Chief Executive Officer of English Heritage
- In office 2015–2023
- Preceded by: Simon Thurley

Chief Executive Officer of National Trust for Scotland
- In office 2009–2015
- Preceded by: Mark Adderley
- Succeeded by: Simon Skinner

Personal details
- Born: Katherine Lyndsay Mavor 30 March 1962 (age 64) London, England
- Citizenship: United Kingdom
- Spouse: Andrew Williams ​(m. 1989)​
- Children: 2
- Education: Westbourne School for Girls
- Alma mater: Trinity College, Oxford Polytechnic of Central London

= Kate Mavor =

Katherine Lyndsay Mavor, (born 30 March 1962) is a British charity executive and businesswoman. Since September 2023, she has been Master of St Cross College, Oxford. From 2015 to 2023, she was chief executive officer (CEO) of English Heritage. Previously, she was CEO of National Trust for Scotland from 2009 to 2015 and CEO of Project Scotland from 2005 to 2009.

==Early life and education==
Mavor was born on 30 March 1962 in London, England, and was brought up in Glasgow, Scotland. She was educated at Westbourne School for Girls. In 1980, she matriculated into Trinity College, Oxford to study modern languages; this was only the second year that the previously all-male college admitted female students. She graduated from the University of Oxford with a Bachelor of Arts (BA) degree in 1984; as per tradition, this was later promoted to a Master of Arts (MA (Oxon)) degree. She later completed a postgraduate diploma in marketing at the Polytechnic of Central London.

==Career==
===Business career===
Mavor's early career was spent in business and publishing. Having graduated from university, she spent a year as a graduate trainee at Thomson Books between 1984 and 1985. Then, she was a product manager at Macmillan Press from 1985 to 1986, and a publicity manager at Unwin Hyman from 1987 to 1988.

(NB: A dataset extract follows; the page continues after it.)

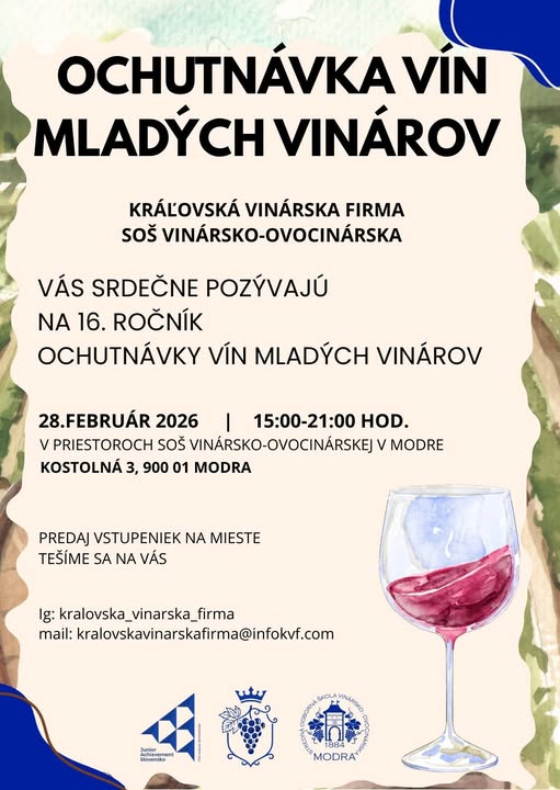 Kráľovská vinárska firma Vás pozýva na Ochutnávku vín mladých vinárov! Príďte ochutnať výnimočné vína slovenských i zahraničných vinárov na 16. ročníku tejto obľúbenej akcie. Zažite jedinečnú atmosféru, objavte nové chute a podporte mladé talenty. Vstupenky si zakúpite na mieste.

In 1988, Mavor moved into marketing, and was a marketing manager at Kogan Page for the next two years. From 1990 to 1994, she was Marketing Director for the Regent Schools of English. She was managing director of the Anglo-Polish Interchange between 1994 and 1997. The Anglo-Polish Interchange was set up by Mavor and is a market research company. In 1998, Mavor became marketing director of Language Line, a company offering telephone interpreting services. She was promoted to chief executive officer and led a venture-capital backed management buyout of the company.

===Charity executive===
From 2005 to 2009, she was CEO of Project Scotland, a Scottish volunteering organisation for young adults aged between 16 and 25. From 2009 to 2015, she was CEO of the National Trust for Scotland. On 3 February 2015, she was announced as the CEO of English Heritage. English Heritage became a charity in April 2015 having previously been a non-departmental public body of the British Government; when she officially became CEO in May 2015, she also became the first head of the new charity.

===St Cross College===
In 2023, Mavor was announced as the new master of St Cross College, with effect from September 2023.

==Personal life==
In 1989, Mavor married Andrew Williams. Together, they have two sons.

==Honours==
In November 2014, Mavor was awarded a Doctor of the University (DUniv) degree by Heriot-Watt University "in recognition of her exceptional contribution to the promotion and preservation of Scotland's environmental heritage and to developments in the community volunteer movement". In 2015, she was made an honorary fellow of Trinity College, Oxford, her alma mater.

She was appointed Commander of the Order of the British Empire (CBE) in the 2022 New Year Honours for services to heritage.